Do quilombo e quilombola

Qualquer representação do quilombo e do quilombola não requereria o aparecimento se não postulássemos certo reconhecimento de existência. É a existência e o reconhecimento que dão lugar ao quilombo e ao quilombola. Marcados por inúmeros sentidos políticos, sociais, econômicos e históricos, em perspectiva de formação de grupo, não são espaço de antigos quilombos. Não é mais lugar (sítios geográficos) onde negros e negras se agrupam para a liberdade e para lutar contra o sistema escravista da época. Embora ainda alimentada por esse discurso, como demanda de luta coletiva pela existência, hoje essa ideia detona outras perspectivas: da exclusão social, da busca por uma vida suportável, da luta contra a precarização econômica etc. (SANTOS, 2022). No que respaldam Schimit et al. (2002), Arruti (2008) Rodrigues (2014) e Santos (2015), ainda que se reconheça o conceito clássico de quilombos e quilombolas – lugar de pessoas com parentesco de antigos e ex-escravos; o termo é fluido e contingente. Isto porque, por mais que a compreensão do termo inclua as fugas e ocupação de terras para busca da liberdade, há também os casos de heranças e doações de terras, compras de terras por moradores de grupos quilombolas e apropriação de territórios, entre outros; sabendo que é a terra (e o território), enquanto categoria social, antropológica e do direito, que localiza o lugar dos quilombolas, já que a terra não é qualquer terra. E sim, a que faz emergir o território do quilombo e, nele, o corpo quilombola (SANTOS, 2022, SANTOS, MACEDO, 2023).

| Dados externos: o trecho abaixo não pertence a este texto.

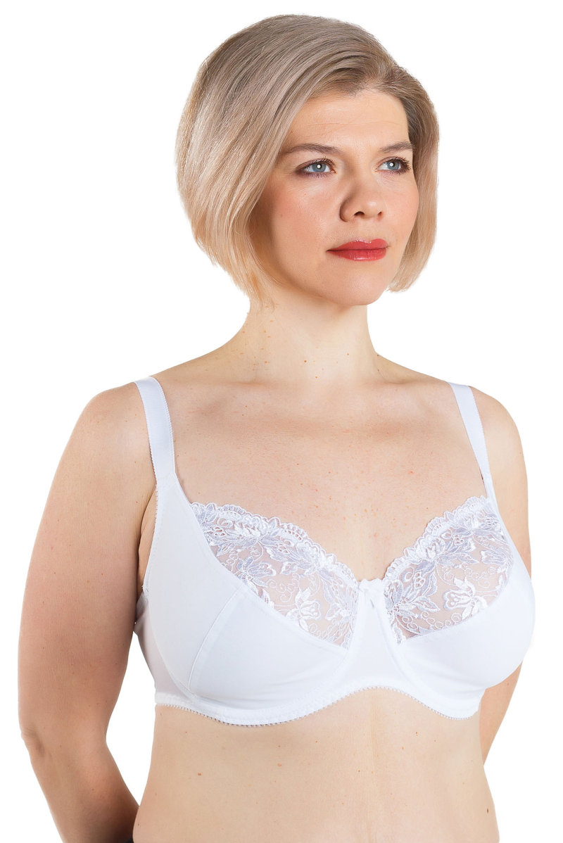 Классический бюстгальтер для повседневной носки, мягкая чашка, верхняя часть чашки - вышитая сетка, чашка на подкладке из х/б трикотажного полотна, на каркасах. Смещенный шов чашки предназначен для того, чтобы не раздражать грудь с повышенной чувствительностью.

Das análises que faço, os sentidos para o quilombo e o quilombola respondem ao aparecimento como demanda corporal para um conjunto de vida mais vivível (SANTOS, 2022; BUTLER, 2018), em que todos possam exercitar a liberdade e o direito de reconhecimento. Logo, o reconhecimento vai além do direito à demarcação da terra e à apropriação territorial, pois inclui: a) o processo de identificação não fixo, mas diferente para cada quilombo e quilombola; b) a luta por uma vida menos precária; c) a busca por melhores condições de trabalho; d) participação social, política e educacional; e) reivindicações por liberdade e mais justiça social; f) assistência médica etc. Isso consolida um modo performático de representação dos quilombos e quilombolas que é enunciado pelos discursos, sabendo que o performático de que falo não se refere a algo teatral, mas sim se caracteriza pelos efeitos do viver junto dos quilombolas e em contato com as diferenças – o que faz alguma coisa do quilombo existir ou faz “revelar suas identidades” (SANTOS, 2022, p. 79).

Na verdade, tenho apostado (SANTOS, 2022) em que o evento do reconhecimento do quilombo e do quilombola anuncia diferentes vozes onde o lugar do quilombo não é apenas para o aparecimento dos quilombolas, mas sim para significar a identidade, o território, a terra, a religião, a subsistência, o parentesco, a educação, as brincadeiras, o direito de ocupar todos os lugares onde queiram estar, entre outros. É por isso que a referência a um passado quilombola a ser relembrado não pode ser a ideia única do quilombo e quilombola – o que não significa que não tenha importância, e, sim, que a força para outras significações, quando articulado a outros marcadores – raça, povo, grupo, convivialidade, religião, etnia etc. – produzem outras legitimidades de aparecimento. Produzem a luta por novas demandas políticas e outros reconhecimentos e valorização dos corpos quilombolas que não condensam “só o direito à terra, mas todos os demais direitos de assistência básica” (SANTOS, 2022, p. 83). Se inclinássemos apenas para a ideia de lugar de resistência, escravidão, luta por sobrevivência, resistência física e resistência política, estaríamos admitindo certo fechamento para outros reconhecimentos, ainda que assumíssemos que todos esses marcadores ajudam a produzir outras demandas sociais e políticas.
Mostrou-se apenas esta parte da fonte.